Key facts about the flu jab
If you are considering getting the flu jab or you or someone in your family is eligible for a free flu vaccine, here are some key facts to consider:
- Having a flu vaccine is the best way to protect yourself and your family from flu.
- The flu jab cannot give you flu.
- The most common side effects are mild muscle aches, headache, fatigue, fever and a sore arm. These get better in a couple of days.
- The flu jab is free on the NHS for people over 65, pregnant women, anyone at risk of flu complications, carers and healthcare workers.
- You can get it from your GP and some pharmacies.
- You need to have the flu vaccine every year.
Who should not have the flu jab?
The majority of people can have the flu jab, but if you’re ill with a fever, it’s best to postpone it until after you’ve recovered. You don’t need to postpone the vaccine for a minor illness like a cold.
The only other reasons to avoid having the vaccine are if you’ve had a serious allergic reaction to the flu vaccine in the past, or if you’re allergic to ingredients used in the manufacture of the vaccine. You’ll be asked about any allergies before you’re given the jab.

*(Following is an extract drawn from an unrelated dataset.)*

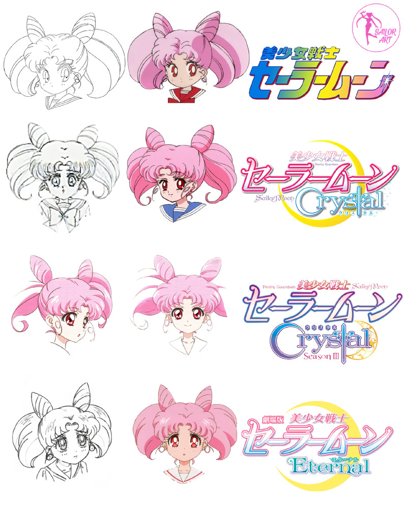 第四版的月野兔则是有着更加明显的变化,可以发现一个明显的趋势,就是月野兔的眼睛变得越来越大。
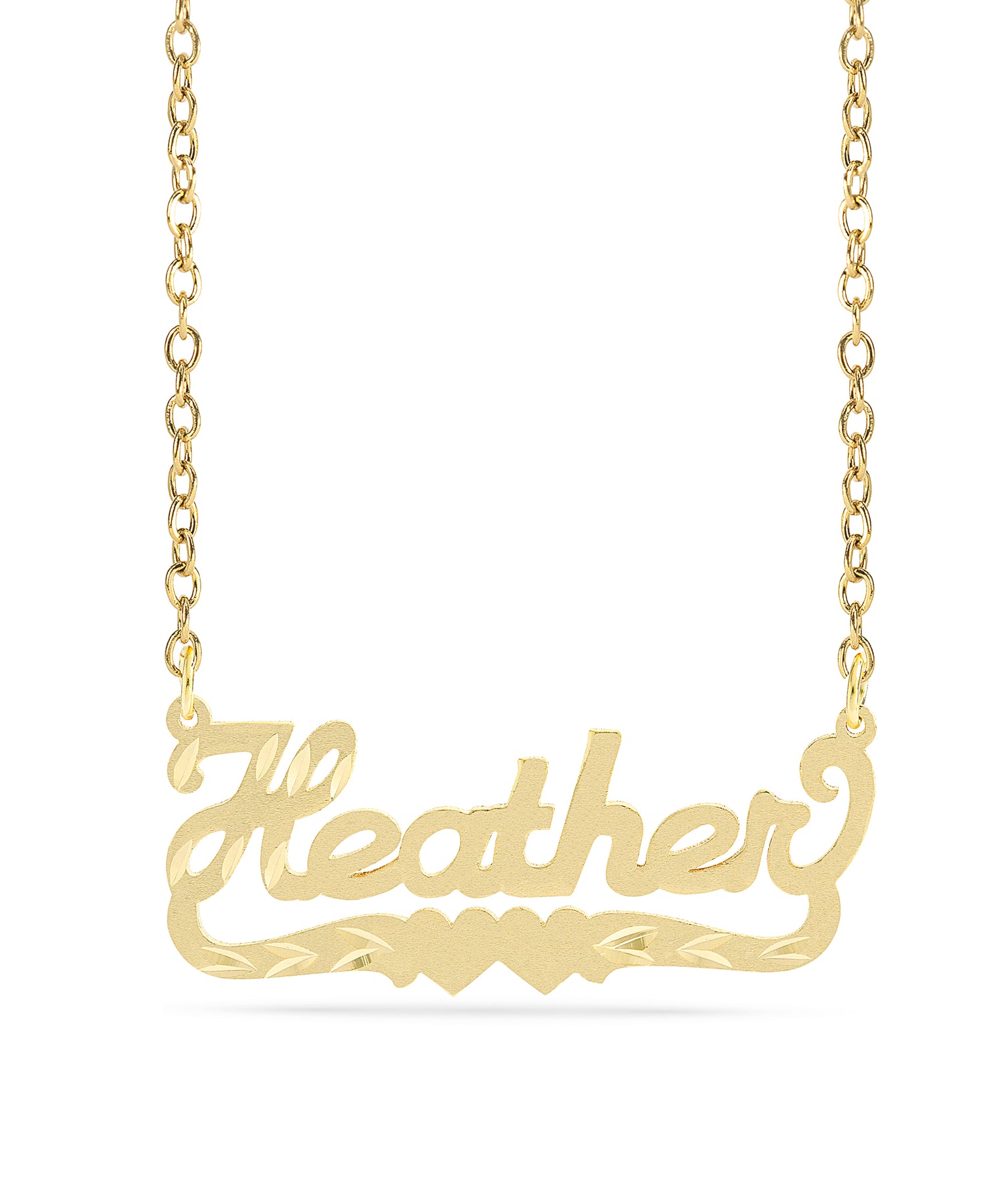 This Name Pendant with Diamond cut "Heather" is available in either: Silver Plated Gold Plated Sterling Silver and 14K Gold over Sterling Silver. You can choose up to 10 characters (Letters only, NO numbers or special characters).

Some brands of the flu jab may not be suitable for people with a serious allergy to eggs or chicken protein. If this applies to you, make sure you tell the person giving you the vaccine, as there are brands of the flu vaccine that are safe for people with this type of allergy.
How is the flu jab given?
The flu jab is usually given as a single injection into the upper arm. Babies and young children who can’t have the nasal spray will be given the injection in their thigh.
If your child is under nine years of age and hasn't had a flu vaccine before they’ll need a second dose of the flu jab at least four weeks after their first one. Children who’ve previously had a flu vaccine only need one dose.
Flu jab side-effects
The flu jab is generally well tolerated and any side-effects are usually mild and improve in a couple of days. The injected flu vaccine doesn’t contain live virus and can’t give you flu.
Common flu jab side-effects include the following:
- Aching muscles or joints
- Feeling generally unwell
- Pain, swelling, redness, bruising or at the injection site
Flu vaccines only protect against flu caused by strains of the influenza virus that are closely related to those found in the vaccine. The jab can’t prevent flu caused by strains that are not in the vaccine, or flu-like illnesses caused by other germs.
These reactions are due to the immune system responding to the vaccine and are not flu. They usually get better on their own within one to two days, but if you feel uncomfortable you can bring down a fever and ease aches and pains with paracetamol.
Allergic reactions to vaccines are extremely rare and anyone who is trained to administer vaccines is also trained in how to deal with them. Recovery is complete with treatment.
Talk to your doctor, nurse or pharmacist if you want any more information about the possible side effects of the flu vaccine. yellow card website?
Flu jab interactions
You can have the flu jab at the same time as other vaccines, but if so, the vaccines should be given into separate limbs.
You can have the flu vaccine if you're taking any medicines, but just make sure the person giving you the jab knows what you're taking.
If you're taking a medicine that reduces the activity of your immune system, for example high-dose corticosteroids or immunosuppressant medicines, your body might not produce enough antibodies in response to the flu jab and you might need an extra dose. You should discuss this with your doctor.